=== Problem ===
Set the records down again exactly, apart from any pictures in them.

*** Opening of Data to examine ***

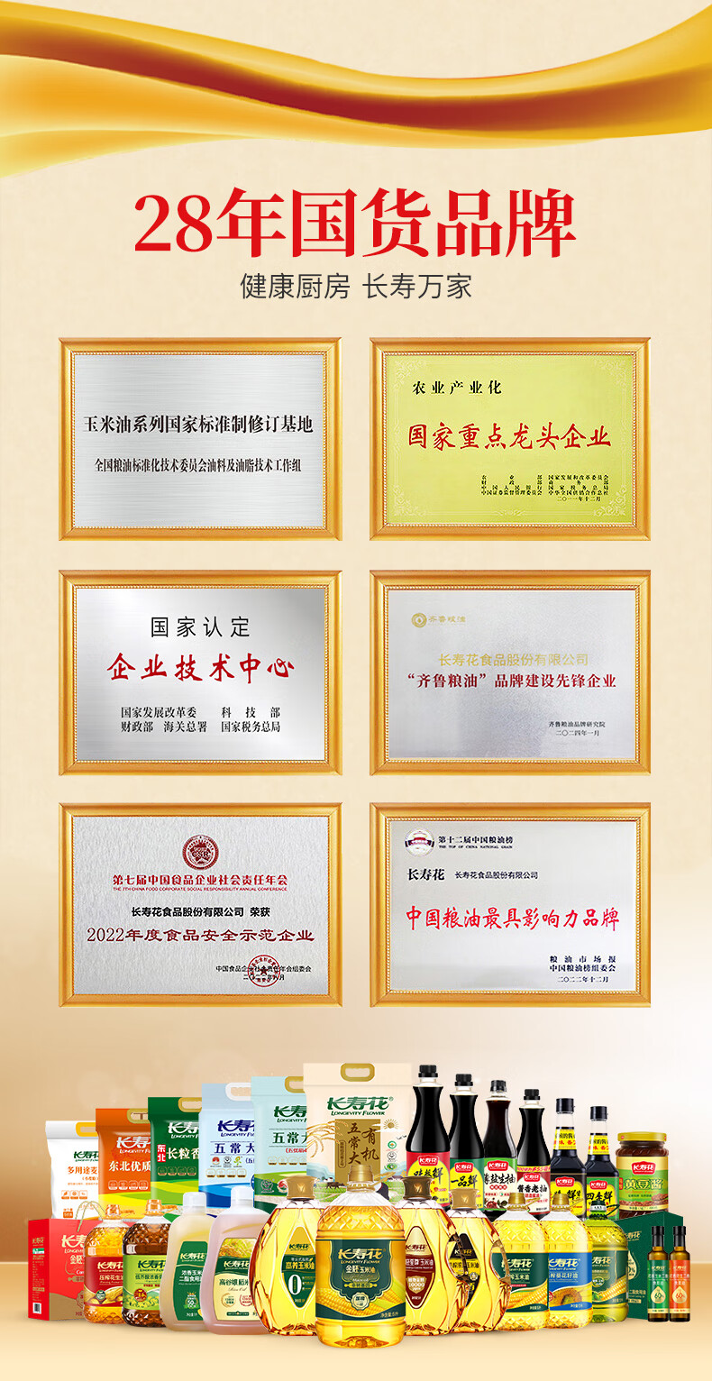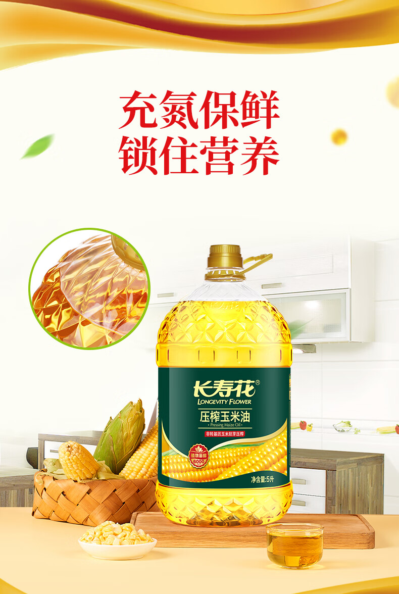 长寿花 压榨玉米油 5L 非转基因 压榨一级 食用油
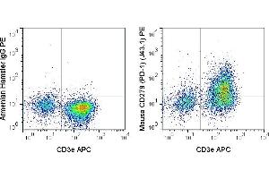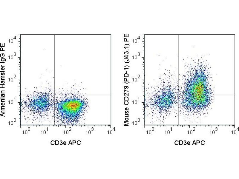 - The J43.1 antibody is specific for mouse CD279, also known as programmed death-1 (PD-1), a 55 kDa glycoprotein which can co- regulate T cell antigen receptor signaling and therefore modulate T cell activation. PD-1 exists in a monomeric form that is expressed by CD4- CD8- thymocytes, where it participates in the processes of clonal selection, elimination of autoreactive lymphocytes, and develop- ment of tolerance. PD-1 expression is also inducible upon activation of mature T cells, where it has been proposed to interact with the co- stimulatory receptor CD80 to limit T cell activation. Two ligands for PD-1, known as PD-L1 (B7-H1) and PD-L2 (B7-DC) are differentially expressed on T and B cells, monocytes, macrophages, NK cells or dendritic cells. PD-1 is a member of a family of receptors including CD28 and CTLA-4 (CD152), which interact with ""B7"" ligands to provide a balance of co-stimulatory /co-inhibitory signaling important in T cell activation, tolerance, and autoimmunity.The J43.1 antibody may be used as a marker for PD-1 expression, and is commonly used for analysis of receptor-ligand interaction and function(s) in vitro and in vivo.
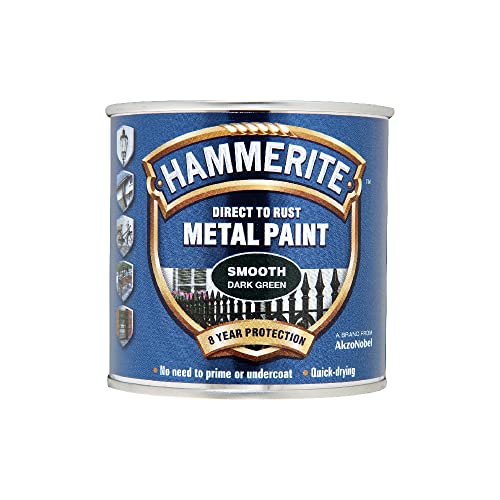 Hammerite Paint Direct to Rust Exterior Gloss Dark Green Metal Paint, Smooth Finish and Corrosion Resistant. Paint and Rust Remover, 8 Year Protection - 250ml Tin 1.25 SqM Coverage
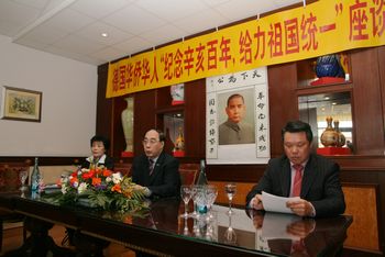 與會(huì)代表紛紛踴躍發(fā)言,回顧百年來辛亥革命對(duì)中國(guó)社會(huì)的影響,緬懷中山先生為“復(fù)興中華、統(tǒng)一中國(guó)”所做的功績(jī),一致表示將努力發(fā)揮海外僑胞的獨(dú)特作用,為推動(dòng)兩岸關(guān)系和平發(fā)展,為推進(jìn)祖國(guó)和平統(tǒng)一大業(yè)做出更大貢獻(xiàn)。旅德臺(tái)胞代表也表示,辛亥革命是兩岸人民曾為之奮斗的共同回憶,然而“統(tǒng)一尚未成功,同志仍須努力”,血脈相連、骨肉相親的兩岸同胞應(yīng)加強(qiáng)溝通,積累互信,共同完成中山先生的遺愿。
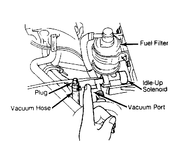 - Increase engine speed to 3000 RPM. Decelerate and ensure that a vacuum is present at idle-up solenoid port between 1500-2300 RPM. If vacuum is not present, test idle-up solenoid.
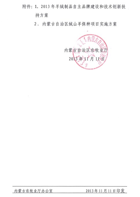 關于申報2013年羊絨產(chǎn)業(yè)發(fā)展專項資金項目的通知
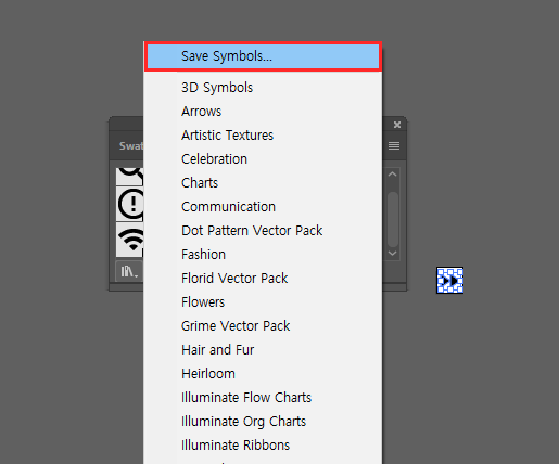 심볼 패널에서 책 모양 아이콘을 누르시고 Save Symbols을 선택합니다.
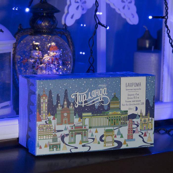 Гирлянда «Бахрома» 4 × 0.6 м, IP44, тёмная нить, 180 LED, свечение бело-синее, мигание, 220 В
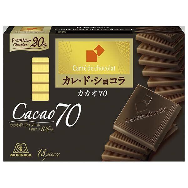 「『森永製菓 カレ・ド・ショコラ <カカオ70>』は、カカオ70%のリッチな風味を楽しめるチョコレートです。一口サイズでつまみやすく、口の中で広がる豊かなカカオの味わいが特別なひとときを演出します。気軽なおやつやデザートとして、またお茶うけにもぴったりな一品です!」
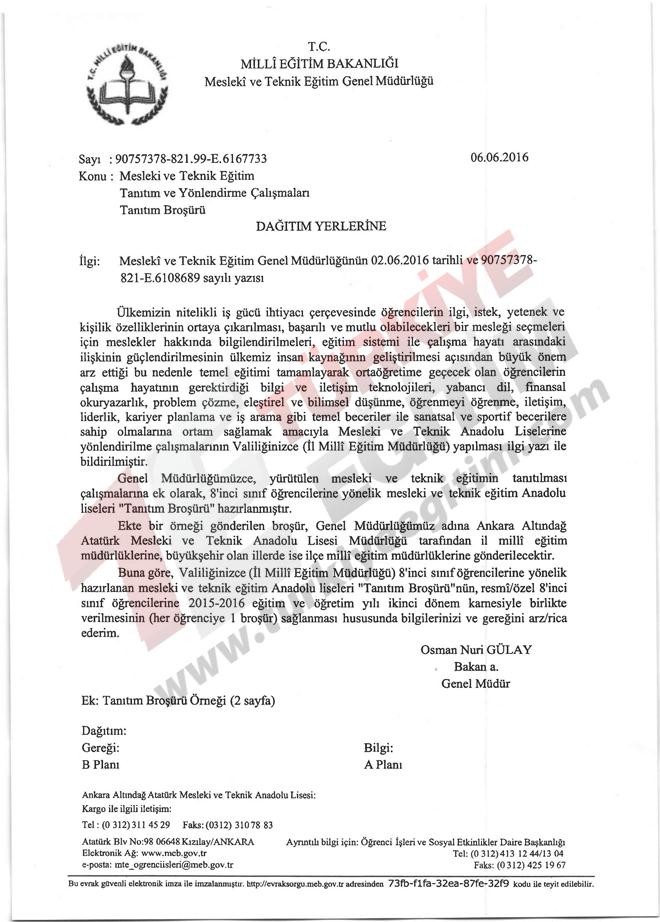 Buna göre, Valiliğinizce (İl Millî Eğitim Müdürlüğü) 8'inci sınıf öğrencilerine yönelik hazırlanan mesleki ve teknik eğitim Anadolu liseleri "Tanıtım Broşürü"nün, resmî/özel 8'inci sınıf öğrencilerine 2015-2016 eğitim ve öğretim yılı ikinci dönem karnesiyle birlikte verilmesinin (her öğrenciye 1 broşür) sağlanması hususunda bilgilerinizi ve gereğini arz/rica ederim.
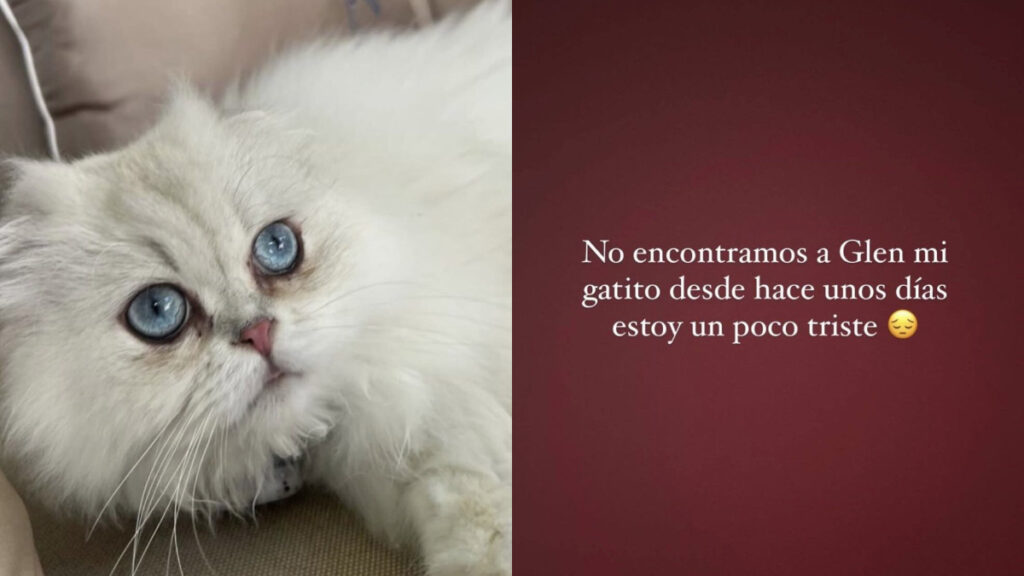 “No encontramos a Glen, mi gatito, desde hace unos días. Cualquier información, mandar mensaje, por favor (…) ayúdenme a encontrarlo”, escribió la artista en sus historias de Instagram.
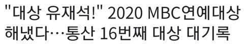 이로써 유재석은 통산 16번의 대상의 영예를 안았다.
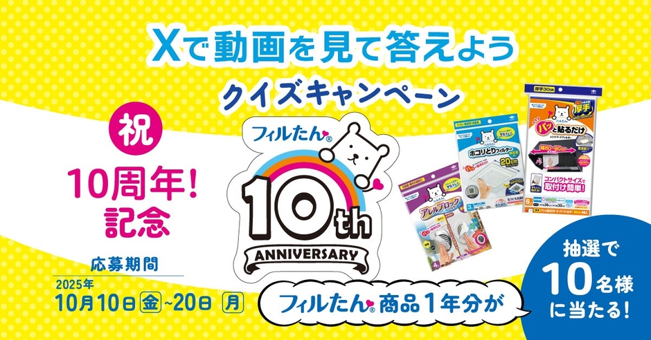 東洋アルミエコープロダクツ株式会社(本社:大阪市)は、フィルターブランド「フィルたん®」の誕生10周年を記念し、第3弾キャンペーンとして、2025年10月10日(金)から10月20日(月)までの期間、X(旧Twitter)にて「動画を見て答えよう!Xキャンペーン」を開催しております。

*** Close of Data to examine ***

=== Response for this exercise ===
 长寿花 压榨玉米油 5L 非转基因 压榨一级 食用油
 - The J43.1 antibody is specific for mouse CD279, also known as programmed death-1 (PD-1), a 55 kDa glycoprotein which can co- regulate T cell antigen receptor signaling and therefore modulate T cell activation. PD-1 exists in a monomeric form that is expressed by CD4- CD8- thymocytes, where it participates in the processes of clonal selection, elimination of autoreactive lymphocytes, and develop- ment of tolerance. PD-1 expression is also inducible upon activation of mature T cells, where it has been proposed to interact with the co- stimulatory receptor CD80 to limit T cell activation. Two ligands for PD-1, known as PD-L1 (B7-H1) and PD-L2 (B7-DC) are differentially expressed on T and B cells, monocytes, macrophages, NK cells or dendritic cells. PD-1 is a member of a family of receptors including CD28 and CTLA-4 (CD152), which interact with ""B7"" ligands to provide a balance of co-stimulatory /co-inhibitory signaling important in T cell activation, tolerance, and autoimmunity.The J43.1 antibody may be used as a marker for PD-1 expression, and is commonly used for analysis of receptor-ligand interaction and function(s) in vitro and in vivo.
 Hammerite Paint Direct to Rust Exterior Gloss Dark Green Metal Paint, Smooth Finish and Corrosion Resistant. Paint and Rust Remover, 8 Year Protection - 250ml Tin 1.25 SqM Coverage
 與會(huì)代表紛紛踴躍發(fā)言,回顧百年來辛亥革命對(duì)中國(guó)社會(huì)的影響,緬懷中山先生為“復(fù)興中華、統(tǒng)一中國(guó)”所做的功績(jī),一致表示將努力發(fā)揮海外僑胞的獨(dú)特作用,為推動(dòng)兩岸關(guān)系和平發(fā)展,為推進(jìn)祖國(guó)和平統(tǒng)一大業(yè)做出更大貢獻(xiàn)。旅德臺(tái)胞代表也表示,辛亥革命是兩岸人民曾為之奮斗的共同回憶,然而“統(tǒng)一尚未成功,同志仍須努力”,血脈相連、骨肉相親的兩岸同胞應(yīng)加強(qiáng)溝通,積累互信,共同完成中山先生的遺愿。
 - Increase engine speed to 3000 RPM. Decelerate and ensure that a vacuum is present at idle-up solenoid port between 1500-2300 RPM. If vacuum is not present, test idle-up solenoid.
 關于申報2013年羊絨產(chǎn)業(yè)發(fā)展專項資金項目的通知
 심볼 패널에서 책 모양 아이콘을 누르시고 Save Symbols을 선택합니다.
 Гирлянда «Бахрома» 4 × 0.6 м, IP44, тёмная нить, 180 LED, свечение бело-синее, мигание, 220 В
 「『森永製菓 カレ・ド・ショコラ <カカオ70>』は、カカオ70%のリッチな風味を楽しめるチョコレートです。一口サイズでつまみやすく、口の中で広がる豊かなカカオの味わいが特別なひとときを演出します。気軽なおやつやデザートとして、またお茶うけにもぴったりな一品です!」
 Buna göre, Valiliğinizce (İl Millî Eğitim Müdürlüğü) 8'inci sınıf öğrencilerine yönelik hazırlanan mesleki ve teknik eğitim Anadolu liseleri "Tanıtım Broşürü"nün, resmî/özel 8'inci sınıf öğrencilerine 2015-2016 eğitim ve öğretim yılı ikinci dönem karnesiyle birlikte verilmesinin (her öğrenciye 1 broşür) sağlanması hususunda bilgilerinizi ve gereğini arz/rica ederim.
 “No encontramos a Glen, mi gatito, desde hace unos días. Cualquier información, mandar mensaje, por favor (…) ayúdenme a encontrarlo”, escribió la artista en sus historias de Instagram.
 이로써 유재석은 통산 16번의 대상의 영예를 안았다.
 東洋アルミエコープロダクツ株式会社(本社:大阪市)は、フィルターブランド「フィルたん®」の誕生10周年を記念し、第3弾キャンペーンとして、2025年10月10日(金)から10月20日(月)までの期間、X(旧Twitter)にて「動画を見て答えよう!Xキャンペーン」を開催しております。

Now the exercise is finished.